Anyone familiar with what happens to tax revenues when confiscatory tax increases and tax rate increases, such as Maryland's millionaires' tax, are imposed in one fell swoop can attest to Lindblom's observation.  The philosophical basis for such a tax is bogus but, if Maryland's intent was to increase state revenues at the expense of the, by implication, "greedy rich," the tax should have been implemented in stages, over a period of years.  Because it wasn't, revenues actually fell and many of those who would have been subject to the tax changed their state of residence, thus depriving Maryland of all the tax revenue it had previously collected from these individuals. 

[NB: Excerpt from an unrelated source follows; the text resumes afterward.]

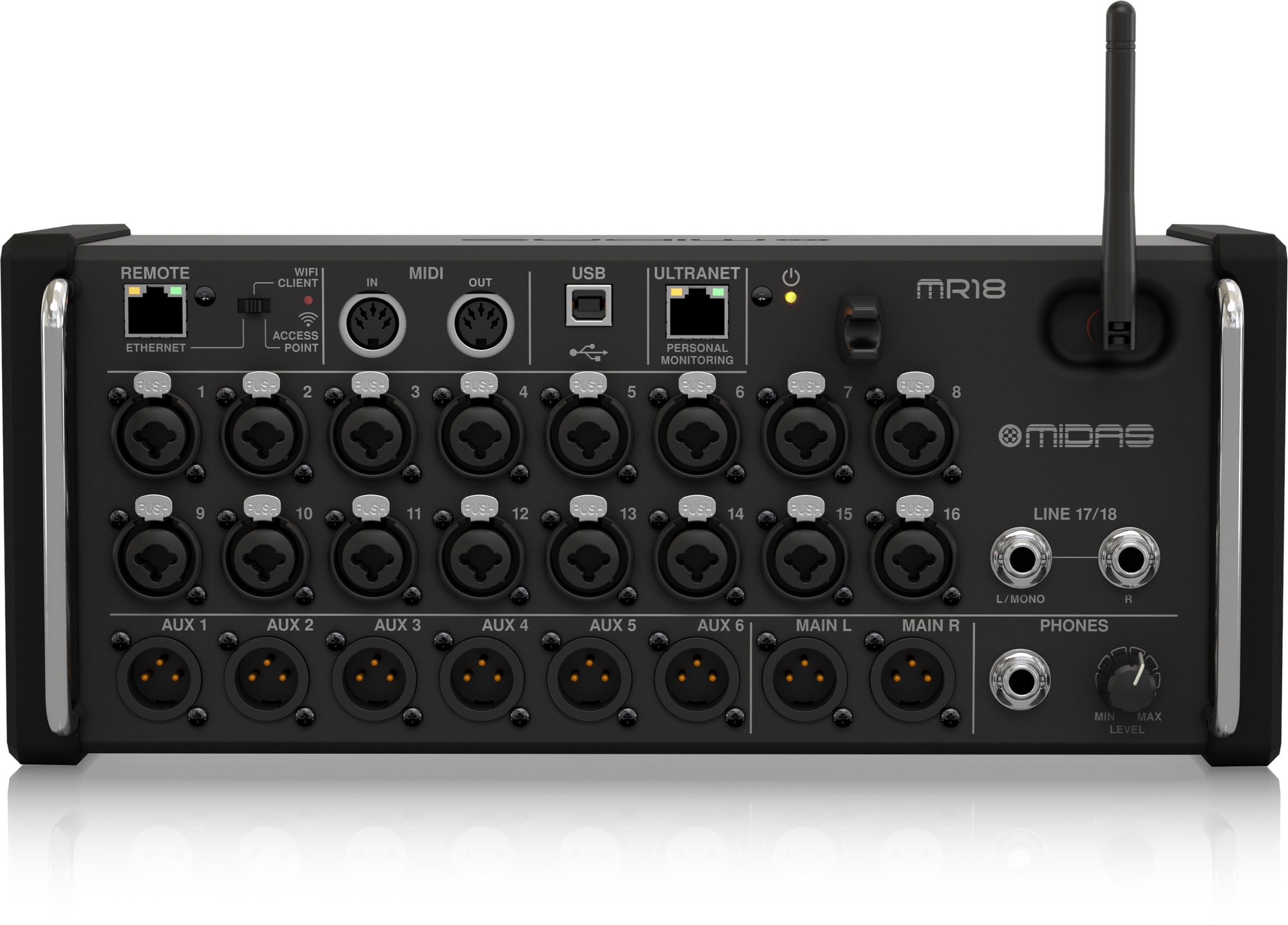 De 18 kanaals mixer is ook voorzien van 6 aux bussen, 4 FX return kanalen en 16 MIDI I/O's. Alle bussen zijn voorzien van inserts, full dynamics processing en 6-band parametric/ 31-band graphic EQs. De XLR/TRS kanalen op de MR18 zijn voorzien van Midas Pro Microphone preamps waarmee je de beste kwaliteit conversie behaald. De MR18 heeft ook 4 true stereo interne effect engines waarmee je gemakkelijk meer controle over je mix krijgt.

To leftist liberals, gradualism, which is synonymous with incrementalism, is a dirty word.  Nothing will ever persuade them otherwise, which is why leftist policy proposals are routinely adopted through deceit and legislative sleight of hand.  Voters ordinarily will not buy a pig in a poke because, having been burned all too often over the years, they are innately skeptical of what their elected representatives have in store for them.  Given the competing social and economic interests that exist in every society, incrementalists recognize that the more sudden and radical the change, the more, and the more intense, the opposition it will face.  People will simply not accept government compulsion that forces them to accept a sudden and substantial change in their expectations and lifestyles.  Lindblom made this point as follows:

Decision-making is ordinarily formalized as a means-ends relationship:  means are conceived to be evaluated and chosen in the light of ends finally selected independently of and prior to the choice of means.  But it follows that such a means-ends relationship is possible only to the extent that values are agreed upon, are reconcilable, and are stable at the margin.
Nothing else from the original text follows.